You might have heard about them. Maybe you saw a headline or read an article talking about them. Or maybe you overheard a conversation. Regardless of where or how, more people are talking about attacks on AI or Machine Learning. Which I find fantastic!

For me, It’s been almost 10 years. My master’s degree was situated around using machine learning to attack other systems, and now my PhD is focused on attacking the very algorithms that facilitated my previous research.

But what if someone wanted to learn about these attacks? Or even learn some of them? Unfortunately the information around attacking AI is scattered between academia and industry, including papers, random websites, blogs (perhaps I am a contributor to this problem), social media posts, and the like. So I did some research on some of the more pertinent areas to provide the list of resources below.

This is not an exhaustive list by any means (and I plan to update it regularly), but it is a great start for anyone interested.

The list below is broken up into a few categories:

“Intro and General“: This is for new-comers who are interested in the area but don’t know where to start. It includes some overviews of attacking AI, some more in-depth resources that cover all the bases (but might be more on the ‘verbose’ side), and some articles/topics that don’t fall into the other categories.
“Practical“: This category includes practical attacks or instructions on AI or Machine Learning (AI/ML). Some of the other categories might have some practical content too, but this is where most of the more applied attacks will go.
“Assessment“: This category is more about methodology. There is an approach to attacking a system, and the methodology is important. This category will include topics that I find useful in assessing a system. It will include things that may help find “bad code smells”, or red flags, but could also include general advice.
“Academic“: This category will be less practical but represents the bleeding-edge of research in the area. I will update this area from time to time with sources (not necessarily papers, but sites where you can find your own research) to keep things fresh.

So let’s get started.

Intro and General

A good intro to attacking AI

https://www.belfercenter.org/publication/AttackingAI
From Harvard, 2019, and still applicable as an entry point into the area.
Gives a great summary and examples of various styles of attack.

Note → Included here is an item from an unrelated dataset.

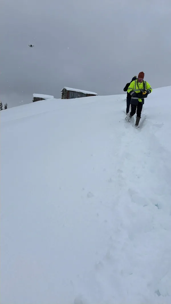 Fatih Kaya, Ali Kalın, Uğur Mert Kalın, Oktay Yıldırım, Deniz Yıldırım ve Semih Mert Alagöz’den oluşan ekip, ilk olarak dron yardımıyla bölgede keşif uçuşu gerçekleştirdi. Yapılan kontrollerde hayvanların yaklaşık 2 bin 100 rakımda bulunan bir kışlada, karla kaplı bir yayla evinin çevresinde hayatta kalmaya çalıştıkları tespit edildi.

NIST “Quick” Intro to Attacks and Taxonomy

https://www.nist.gov/news-events/news/2024/01/nist-identifies-types-cyberattacks-manipulate-behavior-ai-systems
Actual Taxonomy and document (Very verbose, but this is NIST): https://csrc.nist.gov/pubs/ai/100/2/e2023/final
Although NIST creates some of the most verbose/dense documentation around, the content tends to be good — once you get to it.
This is an article about some of the attacks they are seeing, and the second link is their document that tracks all of the attacks they have seen. If you want an information dump of all these attacks, this might be a good source. Just … bring coffee.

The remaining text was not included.